▶ **Input**

==============================

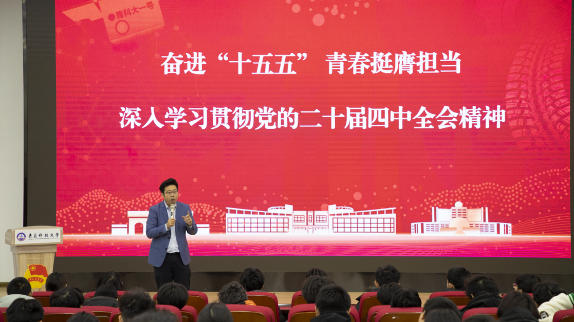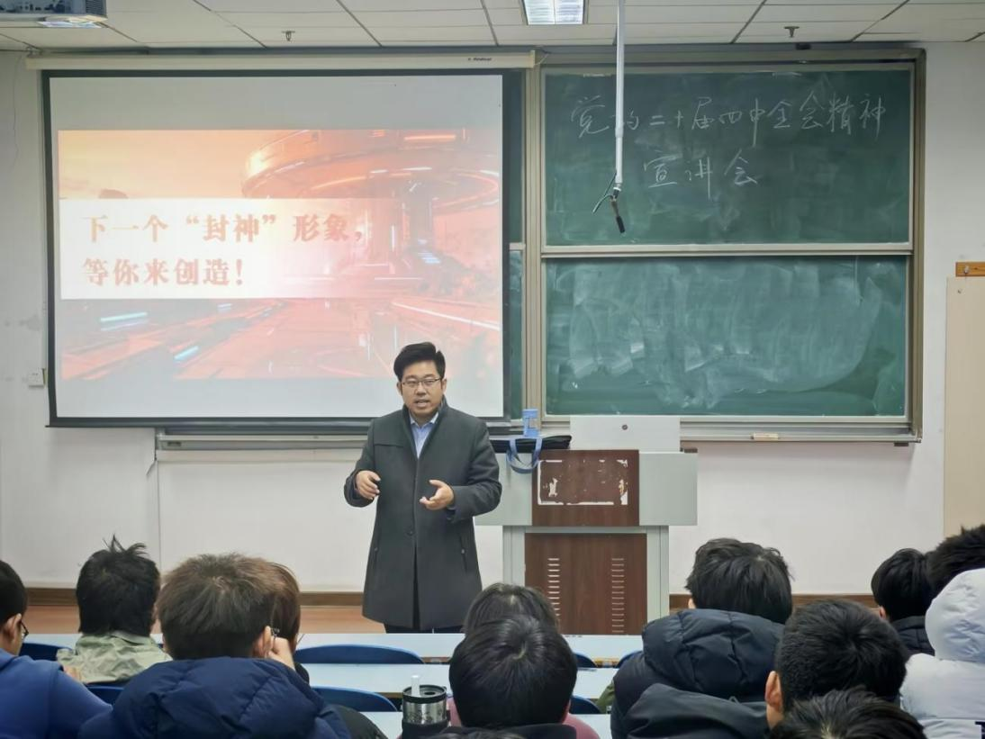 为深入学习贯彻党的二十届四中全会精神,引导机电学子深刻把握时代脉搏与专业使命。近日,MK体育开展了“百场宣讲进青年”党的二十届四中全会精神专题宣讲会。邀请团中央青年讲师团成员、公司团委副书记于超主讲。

==============================

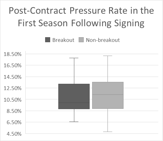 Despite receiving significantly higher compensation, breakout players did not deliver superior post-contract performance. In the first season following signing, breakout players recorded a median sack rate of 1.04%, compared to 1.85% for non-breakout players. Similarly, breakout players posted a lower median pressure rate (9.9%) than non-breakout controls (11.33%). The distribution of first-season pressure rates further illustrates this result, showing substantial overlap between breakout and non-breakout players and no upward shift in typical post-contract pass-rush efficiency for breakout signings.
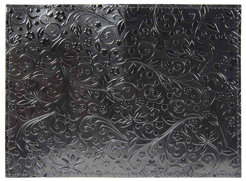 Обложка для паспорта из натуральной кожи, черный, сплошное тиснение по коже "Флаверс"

==============================

▶ **What is needed**
What you return must match the lines above from the one with "Despite receiving significantly" through the one with "Обложка для паспорта" exactly, with both ends included and the pictures excluded.

▶ **Exercise response**
 Despite receiving significantly higher compensation, breakout players did not deliver superior post-contract performance. In the first season following signing, breakout players recorded a median sack rate of 1.04%, compared to 1.85% for non-breakout players. Similarly, breakout players posted a lower median pressure rate (9.9%) than non-breakout controls (11.33%). The distribution of first-season pressure rates further illustrates this result, showing substantial overlap between breakout and non-breakout players and no upward shift in typical post-contract pass-rush efficiency for breakout signings.
 Обложка для паспорта из натуральной кожи, черный, сплошное тиснение по коже "Флаверс"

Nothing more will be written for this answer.